▶ [TASK STATEMENT]: Every line containing the word "depuis" must be pulled from the records.

▶ [RECORDS TO PROCESS]:

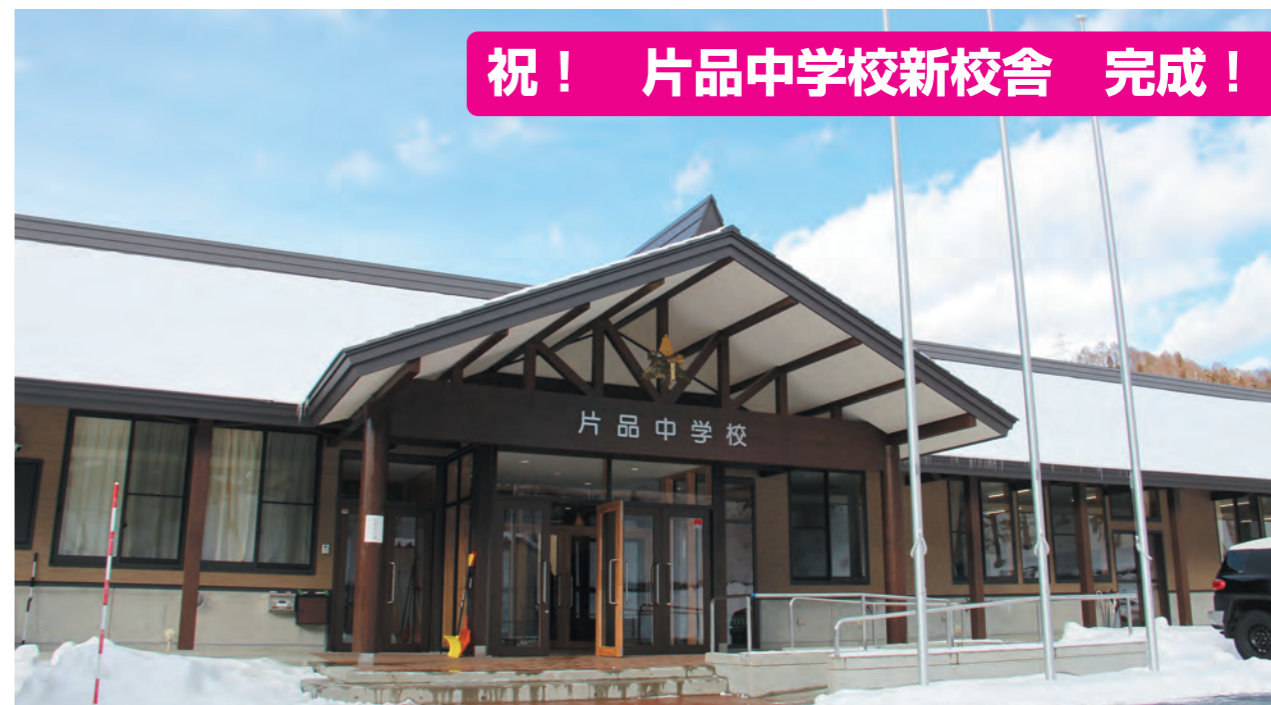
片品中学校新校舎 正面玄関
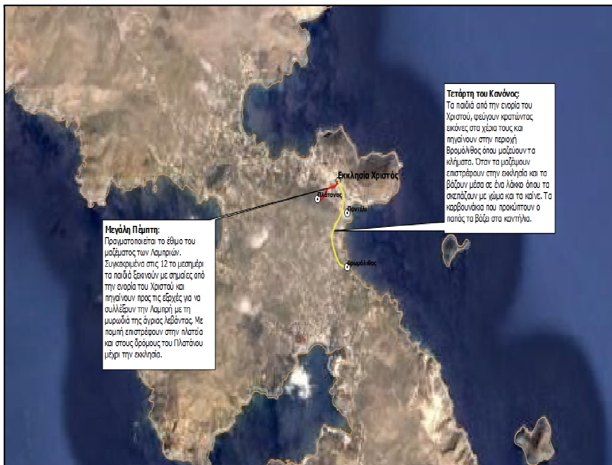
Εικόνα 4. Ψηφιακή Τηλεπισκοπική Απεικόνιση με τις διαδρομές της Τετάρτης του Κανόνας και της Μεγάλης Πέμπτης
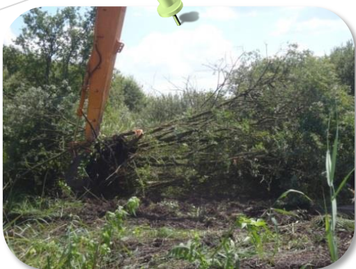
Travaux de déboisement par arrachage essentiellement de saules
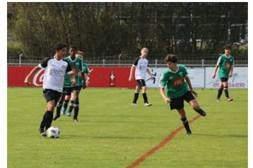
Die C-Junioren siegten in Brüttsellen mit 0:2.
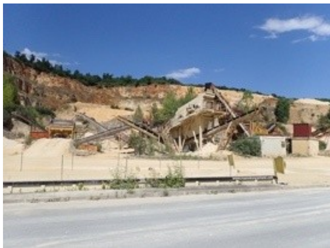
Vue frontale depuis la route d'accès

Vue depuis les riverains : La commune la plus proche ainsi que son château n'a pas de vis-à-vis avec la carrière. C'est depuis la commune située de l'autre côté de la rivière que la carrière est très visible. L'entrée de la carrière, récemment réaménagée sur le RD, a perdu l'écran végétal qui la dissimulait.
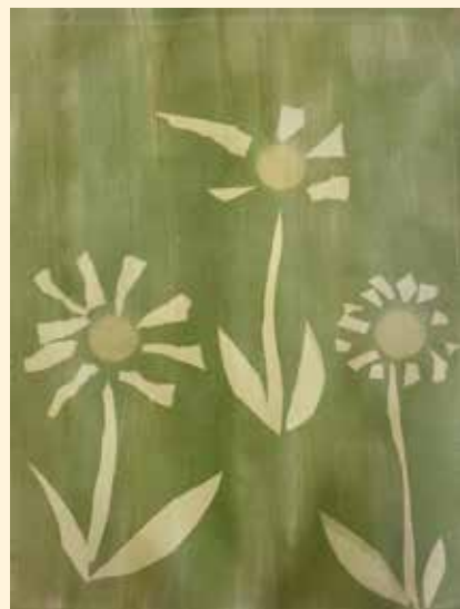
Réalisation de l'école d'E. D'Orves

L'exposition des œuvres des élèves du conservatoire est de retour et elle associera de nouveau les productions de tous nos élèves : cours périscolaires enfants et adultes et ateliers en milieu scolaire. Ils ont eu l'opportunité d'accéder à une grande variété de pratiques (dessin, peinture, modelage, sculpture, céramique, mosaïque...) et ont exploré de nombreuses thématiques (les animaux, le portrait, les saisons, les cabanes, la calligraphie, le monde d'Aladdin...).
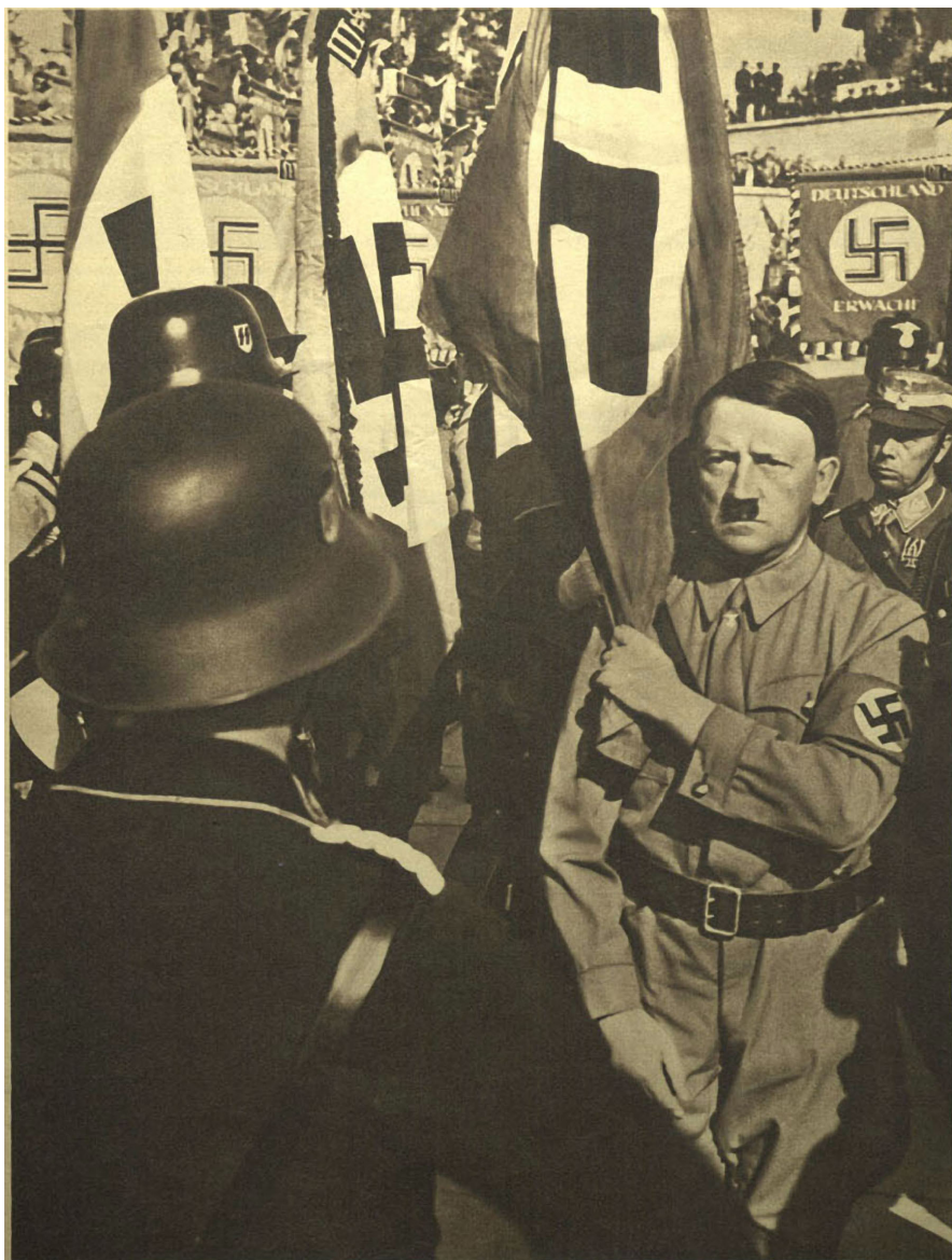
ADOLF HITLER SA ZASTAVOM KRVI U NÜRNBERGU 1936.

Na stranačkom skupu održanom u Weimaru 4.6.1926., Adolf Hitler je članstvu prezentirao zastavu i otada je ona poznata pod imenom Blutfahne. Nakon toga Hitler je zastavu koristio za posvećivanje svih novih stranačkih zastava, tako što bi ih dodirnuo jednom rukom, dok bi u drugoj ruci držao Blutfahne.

==

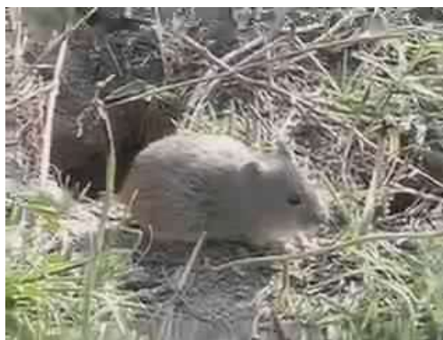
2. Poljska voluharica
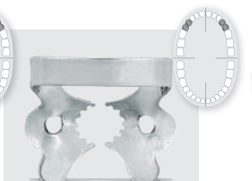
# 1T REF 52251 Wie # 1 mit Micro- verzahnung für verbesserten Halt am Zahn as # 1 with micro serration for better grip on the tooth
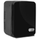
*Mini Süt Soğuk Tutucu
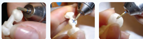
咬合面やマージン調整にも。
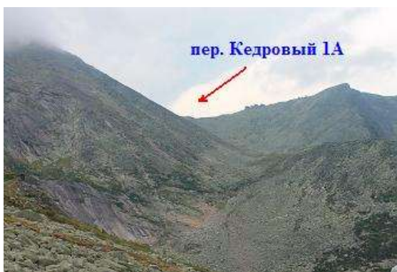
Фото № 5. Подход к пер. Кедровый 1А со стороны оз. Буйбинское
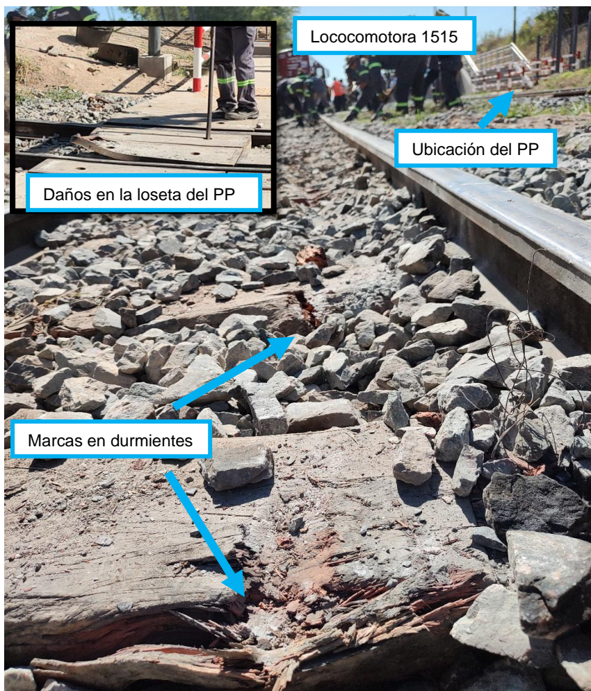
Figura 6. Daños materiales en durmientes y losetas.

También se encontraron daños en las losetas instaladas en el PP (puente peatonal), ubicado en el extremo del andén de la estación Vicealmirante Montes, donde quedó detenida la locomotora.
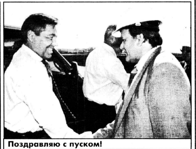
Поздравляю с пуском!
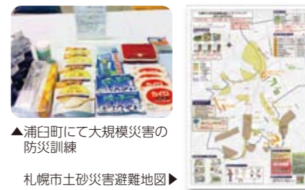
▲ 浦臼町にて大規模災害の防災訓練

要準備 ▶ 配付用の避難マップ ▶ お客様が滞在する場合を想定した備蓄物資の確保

▶ [ANSWER BOX]:
Vue frontale depuis la route d'accès
Vue depuis les riverains : La commune la plus proche ainsi que son château n'a pas de vis-à-vis avec la carrière. C'est depuis la commune située de l'autre côté de la rivière que la carrière est très visible. L'entrée de la carrière, récemment réaménagée sur le RD, a perdu l'écran végétal qui la dissimulait.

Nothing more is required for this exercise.